Exactly the lines from the one with "全国の教育機関(小・中・高等" through the end of the records below are needed, minus any pictures.
(DATASET)
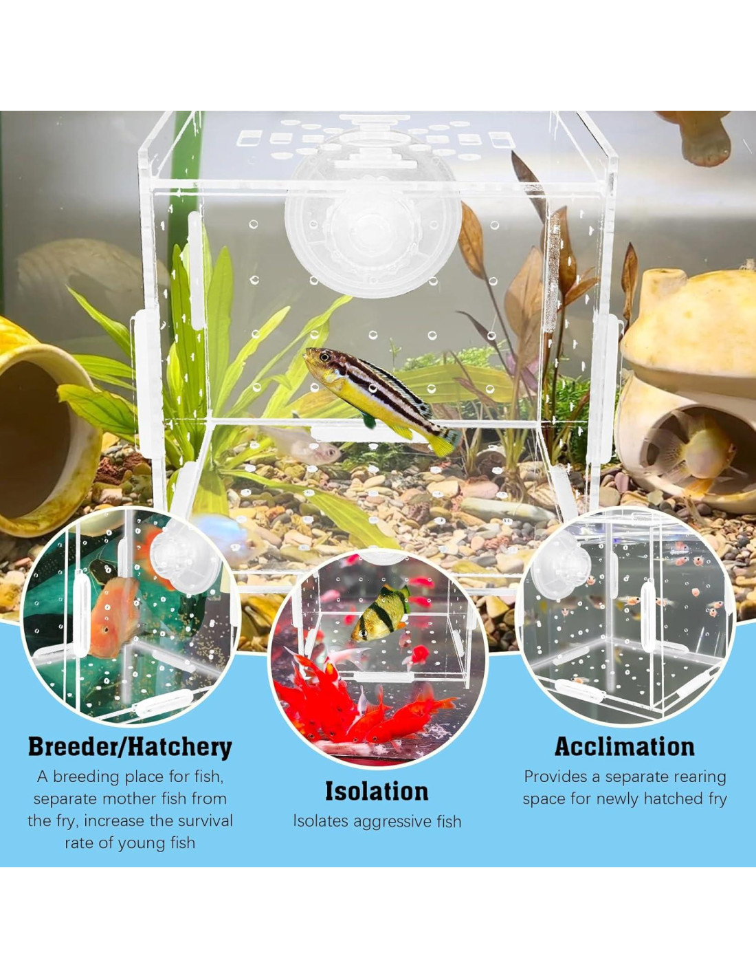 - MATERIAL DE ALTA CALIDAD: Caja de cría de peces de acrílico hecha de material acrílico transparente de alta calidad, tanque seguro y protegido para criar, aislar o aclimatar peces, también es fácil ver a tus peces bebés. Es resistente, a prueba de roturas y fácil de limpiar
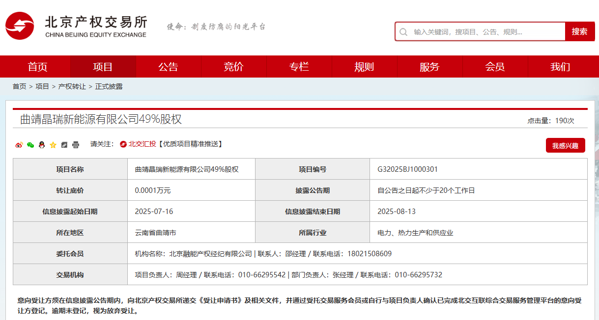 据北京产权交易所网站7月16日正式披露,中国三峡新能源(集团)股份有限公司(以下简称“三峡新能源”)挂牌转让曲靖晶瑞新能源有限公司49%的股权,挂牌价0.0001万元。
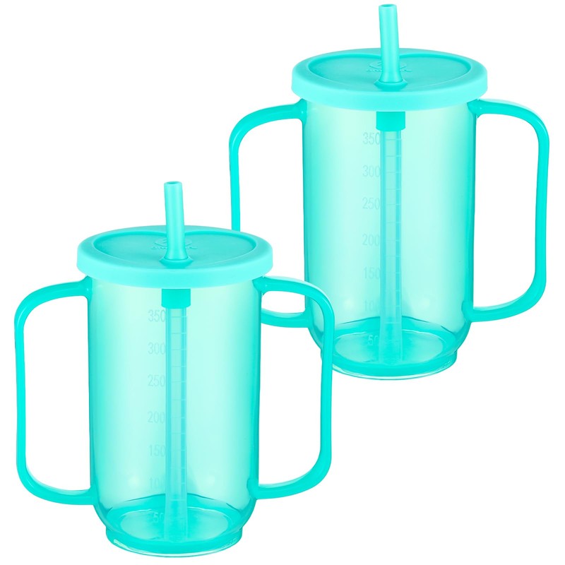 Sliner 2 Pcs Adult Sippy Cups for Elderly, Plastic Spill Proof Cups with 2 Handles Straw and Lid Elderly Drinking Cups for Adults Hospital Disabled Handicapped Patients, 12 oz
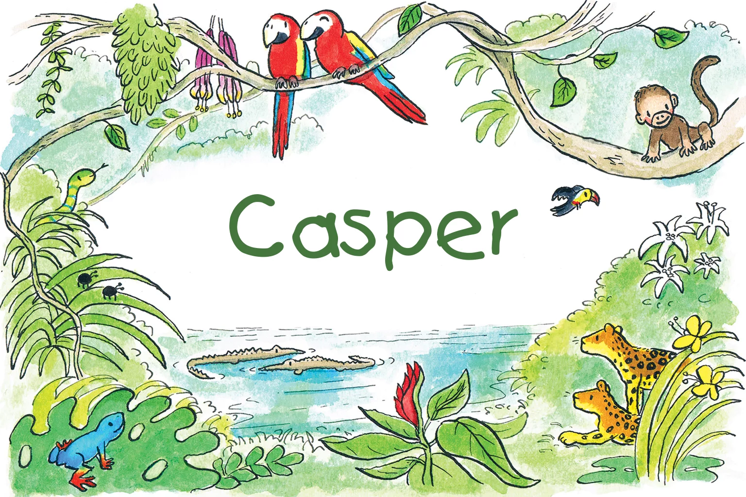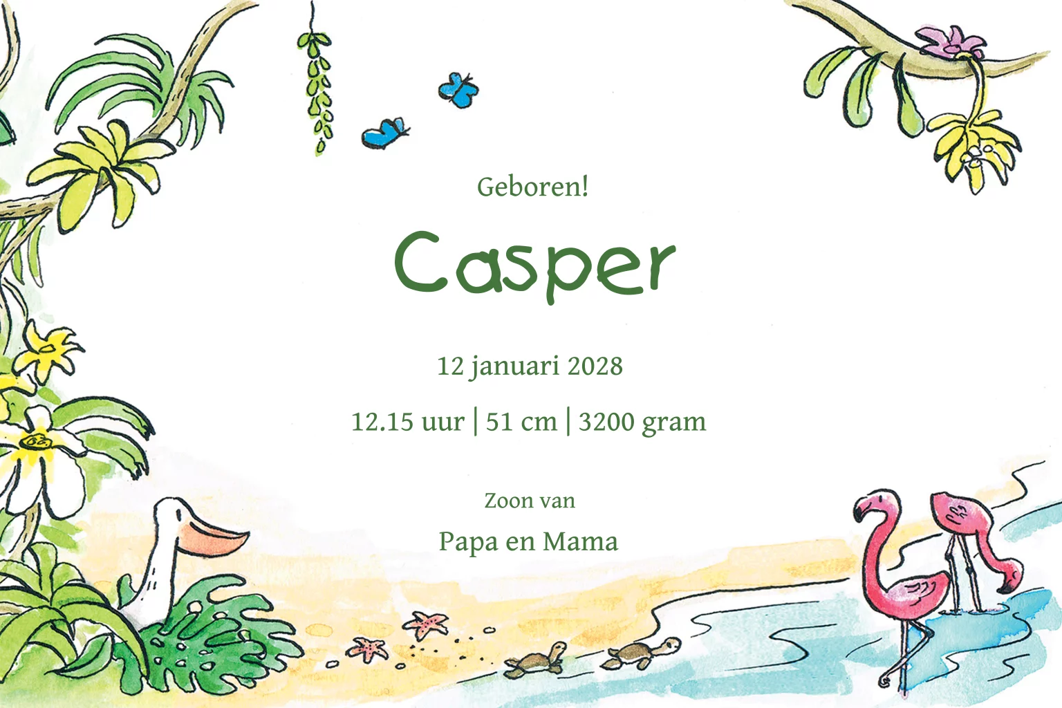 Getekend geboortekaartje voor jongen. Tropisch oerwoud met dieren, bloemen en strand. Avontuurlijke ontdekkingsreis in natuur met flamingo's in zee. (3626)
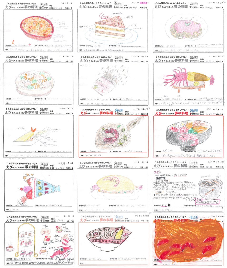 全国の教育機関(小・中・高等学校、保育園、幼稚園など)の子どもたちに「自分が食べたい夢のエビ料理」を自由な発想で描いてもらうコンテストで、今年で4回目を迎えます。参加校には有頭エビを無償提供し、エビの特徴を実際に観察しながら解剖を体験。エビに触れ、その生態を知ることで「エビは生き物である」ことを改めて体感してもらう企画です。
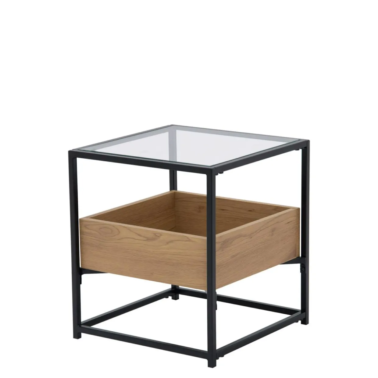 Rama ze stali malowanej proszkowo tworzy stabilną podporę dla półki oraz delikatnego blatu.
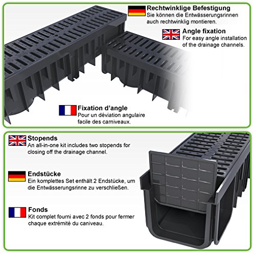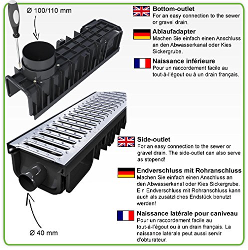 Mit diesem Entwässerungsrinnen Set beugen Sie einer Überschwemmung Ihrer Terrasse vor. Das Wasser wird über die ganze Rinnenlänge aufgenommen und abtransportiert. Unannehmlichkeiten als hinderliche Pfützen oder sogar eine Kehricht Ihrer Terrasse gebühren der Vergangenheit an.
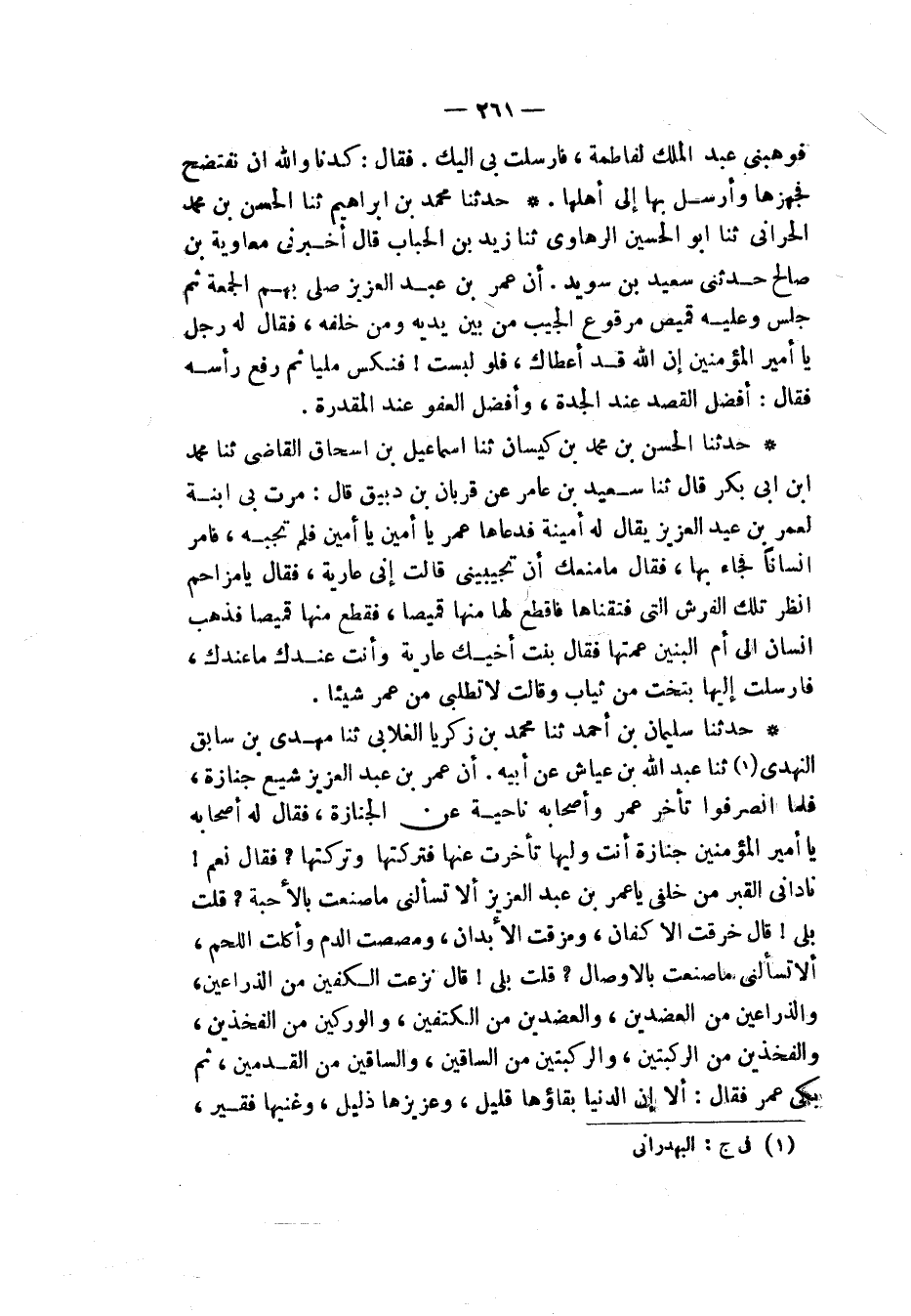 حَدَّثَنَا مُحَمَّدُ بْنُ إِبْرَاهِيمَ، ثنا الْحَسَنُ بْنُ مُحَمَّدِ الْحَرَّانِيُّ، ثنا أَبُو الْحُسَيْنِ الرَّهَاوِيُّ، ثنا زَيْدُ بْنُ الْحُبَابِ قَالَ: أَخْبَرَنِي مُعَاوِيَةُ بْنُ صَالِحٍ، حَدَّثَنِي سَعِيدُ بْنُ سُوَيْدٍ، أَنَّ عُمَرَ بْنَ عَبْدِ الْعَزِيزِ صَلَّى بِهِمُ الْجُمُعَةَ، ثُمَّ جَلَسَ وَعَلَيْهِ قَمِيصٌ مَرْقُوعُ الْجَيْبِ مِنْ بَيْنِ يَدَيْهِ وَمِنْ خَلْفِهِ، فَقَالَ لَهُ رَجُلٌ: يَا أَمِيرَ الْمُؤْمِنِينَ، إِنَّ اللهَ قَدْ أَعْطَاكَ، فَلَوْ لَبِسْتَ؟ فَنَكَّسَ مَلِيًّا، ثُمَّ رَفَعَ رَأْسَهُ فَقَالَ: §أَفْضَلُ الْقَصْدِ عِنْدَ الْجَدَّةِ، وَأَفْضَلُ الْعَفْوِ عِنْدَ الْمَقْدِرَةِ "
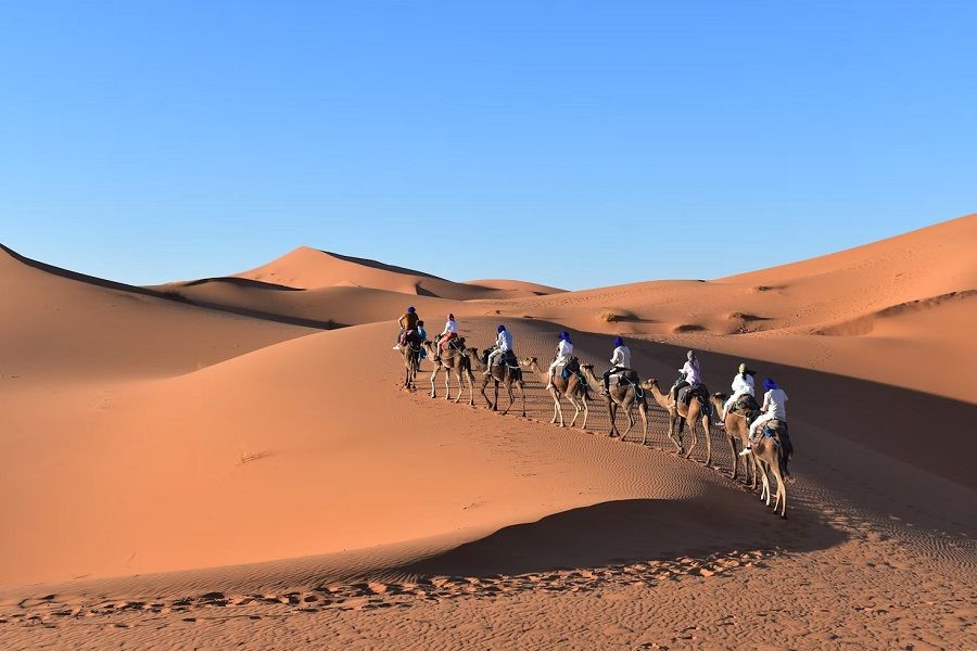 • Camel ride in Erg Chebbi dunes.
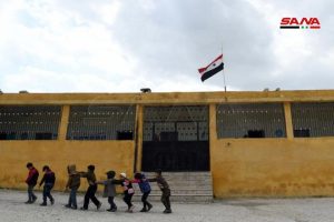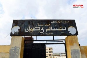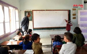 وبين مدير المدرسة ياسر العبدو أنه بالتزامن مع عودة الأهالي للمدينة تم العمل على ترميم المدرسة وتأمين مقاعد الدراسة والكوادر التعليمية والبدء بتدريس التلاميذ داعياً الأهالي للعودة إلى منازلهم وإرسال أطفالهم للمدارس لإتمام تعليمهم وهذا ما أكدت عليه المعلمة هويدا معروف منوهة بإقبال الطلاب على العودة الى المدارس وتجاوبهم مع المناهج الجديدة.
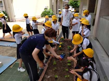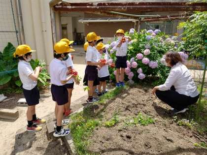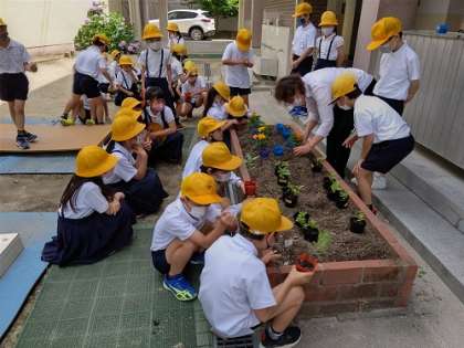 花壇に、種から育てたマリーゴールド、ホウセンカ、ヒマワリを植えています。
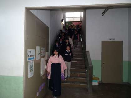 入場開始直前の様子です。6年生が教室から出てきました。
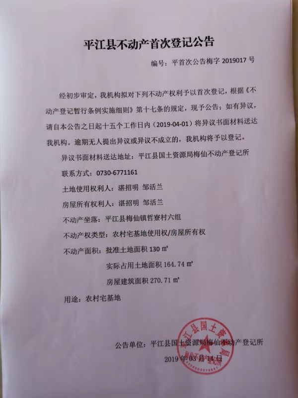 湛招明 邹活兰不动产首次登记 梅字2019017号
(End DATASET)
» **REPLY TO THE EXERCISE**:
 全国の教育機関(小・中・高等学校、保育園、幼稚園など)の子どもたちに「自分が食べたい夢のエビ料理」を自由な発想で描いてもらうコンテストで、今年で4回目を迎えます。参加校には有頭エビを無償提供し、エビの特徴を実際に観察しながら解剖を体験。エビに触れ、その生態を知ることで「エビは生き物である」ことを改めて体感してもらう企画です。
 Rama ze stali malowanej proszkowo tworzy stabilną podporę dla półki oraz delikatnego blatu.
 Mit diesem Entwässerungsrinnen Set beugen Sie einer Überschwemmung Ihrer Terrasse vor. Das Wasser wird über die ganze Rinnenlänge aufgenommen und abtransportiert. Unannehmlichkeiten als hinderliche Pfützen oder sogar eine Kehricht Ihrer Terrasse gebühren der Vergangenheit an.
 حَدَّثَنَا مُحَمَّدُ بْنُ إِبْرَاهِيمَ، ثنا الْحَسَنُ بْنُ مُحَمَّدِ الْحَرَّانِيُّ، ثنا أَبُو الْحُسَيْنِ الرَّهَاوِيُّ، ثنا زَيْدُ بْنُ الْحُبَابِ قَالَ: أَخْبَرَنِي مُعَاوِيَةُ بْنُ صَالِحٍ، حَدَّثَنِي سَعِيدُ بْنُ سُوَيْدٍ، أَنَّ عُمَرَ بْنَ عَبْدِ الْعَزِيزِ صَلَّى بِهِمُ الْجُمُعَةَ، ثُمَّ جَلَسَ وَعَلَيْهِ قَمِيصٌ مَرْقُوعُ الْجَيْبِ مِنْ بَيْنِ يَدَيْهِ وَمِنْ خَلْفِهِ، فَقَالَ لَهُ رَجُلٌ: يَا أَمِيرَ الْمُؤْمِنِينَ، إِنَّ اللهَ قَدْ أَعْطَاكَ، فَلَوْ لَبِسْتَ؟ فَنَكَّسَ مَلِيًّا، ثُمَّ رَفَعَ رَأْسَهُ فَقَالَ: §أَفْضَلُ الْقَصْدِ عِنْدَ الْجَدَّةِ، وَأَفْضَلُ الْعَفْوِ عِنْدَ الْمَقْدِرَةِ "
 • Camel ride in Erg Chebbi dunes.
 وبين مدير المدرسة ياسر العبدو أنه بالتزامن مع عودة الأهالي للمدينة تم العمل على ترميم المدرسة وتأمين مقاعد الدراسة والكوادر التعليمية والبدء بتدريس التلاميذ داعياً الأهالي للعودة إلى منازلهم وإرسال أطفالهم للمدارس لإتمام تعليمهم وهذا ما أكدت عليه المعلمة هويدا معروف منوهة بإقبال الطلاب على العودة الى المدارس وتجاوبهم مع المناهج الجديدة.
 花壇に、種から育てたマリーゴールド、ホウセンカ、ヒマワリを植えています。
 入場開始直前の様子です。6年生が教室から出てきました。
 湛招明 邹活兰不动产首次登记 梅字2019017号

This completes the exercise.